長年、合気道を稽古してくると、これまでいかに地に着いた稽古をしてこなかったかに気付いてくる。そのひとつが、合気道というものをやっているのに、よく考えてみると、「合気道」とは何か、また「合気」とは何か、「道」とは何かなどがよく分かっていないばかりか、真剣に研究したこともないことに気付く。

これまで真剣に「合気道」、「合気」、「道」を考えなかったのは、はじめはなんとなく分かったつもりでいたし、分かってないと気付いてから分かろうとしても、今度は難しそうなので後回しにしてきたのだろう。半世紀近くも稽古をしているのだから、そろそろこの辺で考えてみる必要があるだろう。しかし、「合気」と「合気道」はまだまだ分かりそうにないので、今回はとりあえず「道」に絞って、「道」から考えてみたいと思う。

「道」という語は、柔道、剣道、弓道、古武道などなど、武道の世界では頻繁につかわれているから、「道」には武道としての一般的な定義があるはずだ。例えば、「一つの物事を通じて、生き様や真理の追究を体現することや自己の精神の修練を行う事である」などと辞書には書かれている。武道には柔道、剣道、弓道などいろいろな武道があるが、武道には武道としての共通の目標があって、武道家は誰もが意識または無意識でそのような事を追求しているように思われる。

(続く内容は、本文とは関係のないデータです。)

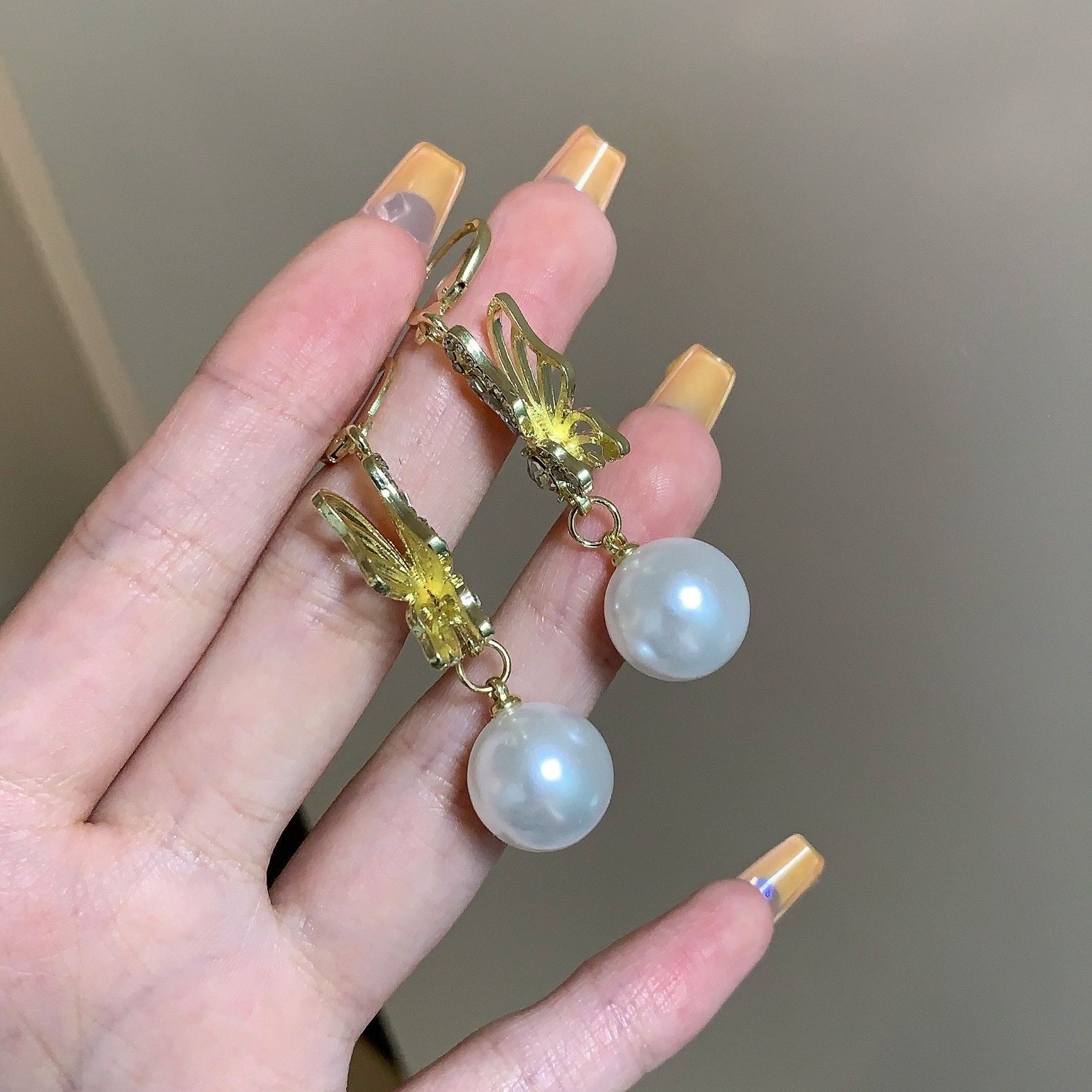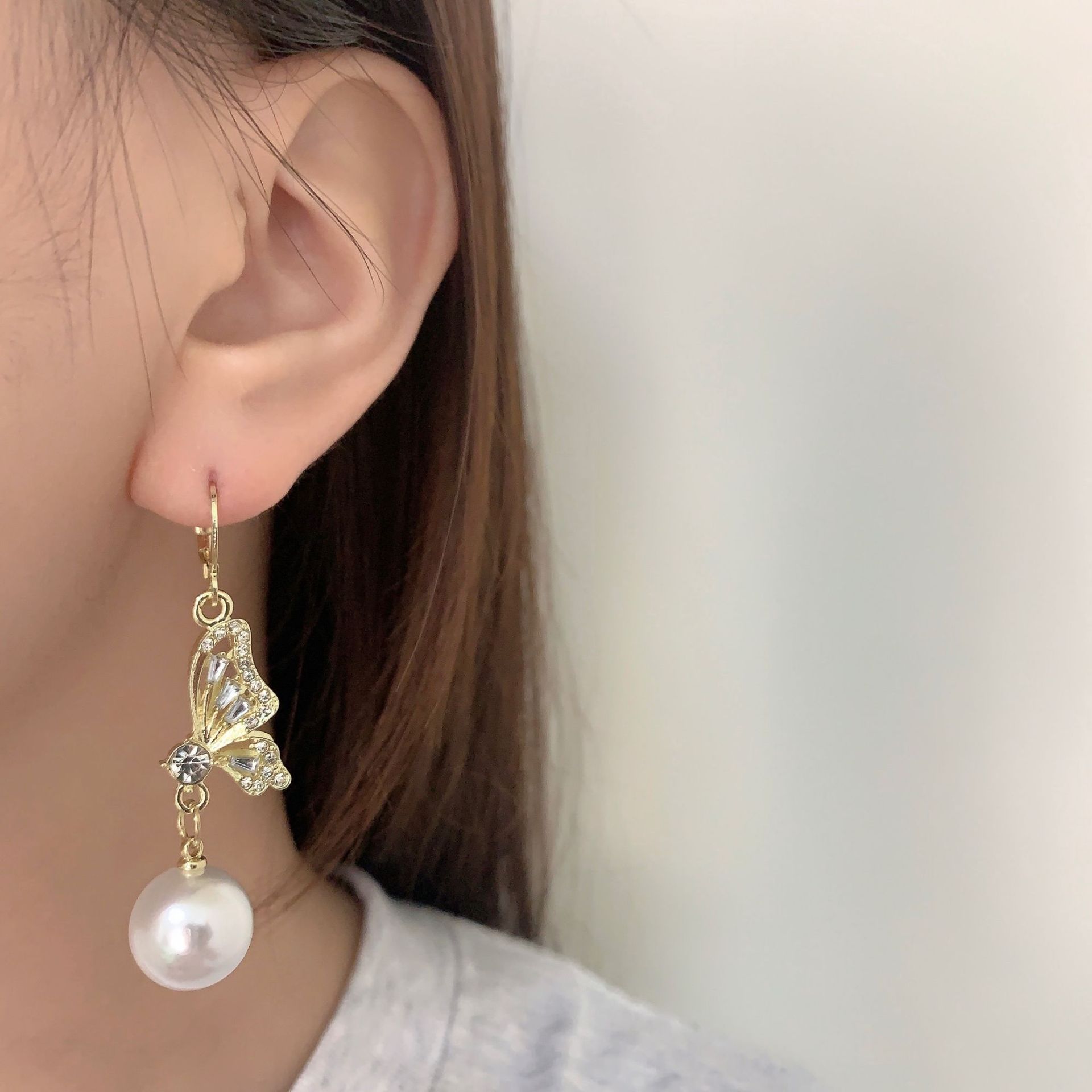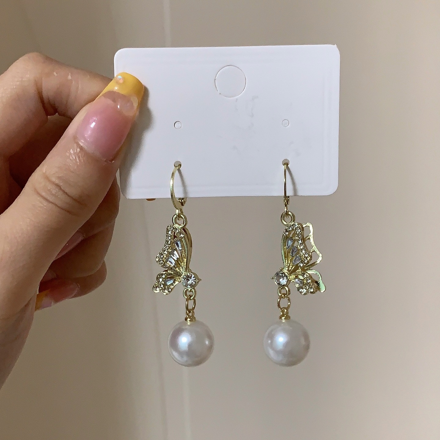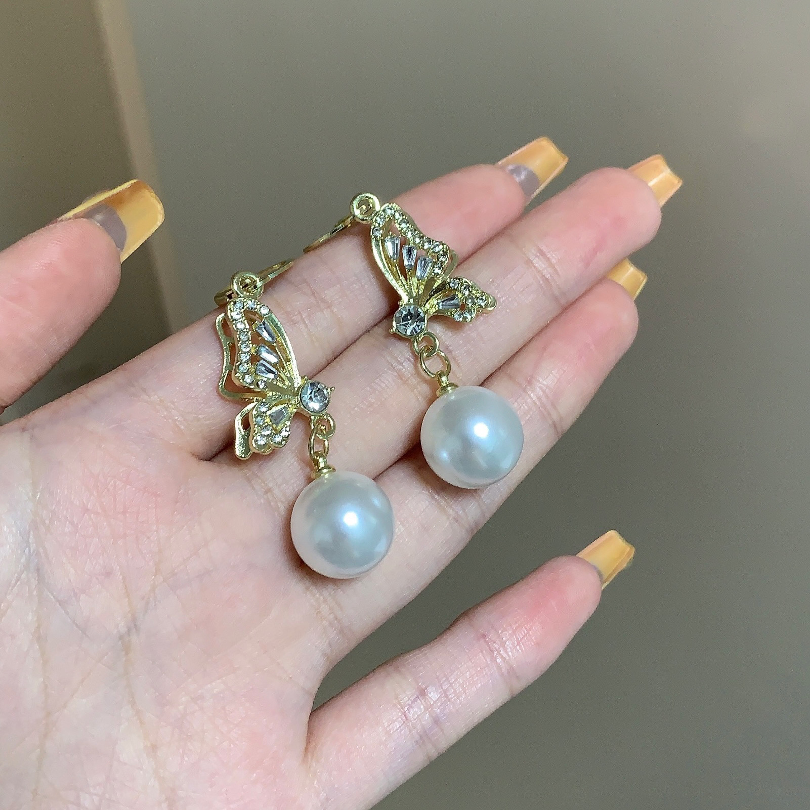 小众设计2024年新款潮复古波西米亚轻奢高级感镶嵌蝴蝶珍珠耳坠女

「道」を説いた中国の思想家である老子は、宇宙の原則を道といっている。また、中国の道教では、道とは宇宙と人生の根元的な不滅の真理を指すという。このようなことから、道は自然とか、老子がいう無為と同義であり、道は真理ということになるだろう。とすると、武道家の道も、この自然、真理の道ということにもなるだろう。

合気道も武道であるが、合気道をつくられた開祖の植芝盛平翁は、この宇宙の原則、原理の道を次のように説明されている。「道というのは、丁度、体内に血が巡っているように、神の大御心と全く一つになって離れず、大御心を実際に行じていくことをいうのである。神の大御心から少しでも離れたら、それは道にならない。」(合気真髄)

合気道は、道である。道は、宇宙の原則・原理の道である。宇宙の真理を見つけ、宇宙の法則に則って、進んでいかなければならないことになる。合気道の技は宇宙の法則に則っているので、技を真の技としてつかうためには、法則に則った体の遣い方からなる動きにならなければならない。

宇宙の法則に則らず、道にのらなかったり、道から外れたりすれば、行き詰ったり、違う方向に行ってしまい、真の追及が出来なくなる。道にのって行けば、少しづつであろうが徐々に目標に近づくし、新しい発見と感動が連続的にあるはずである。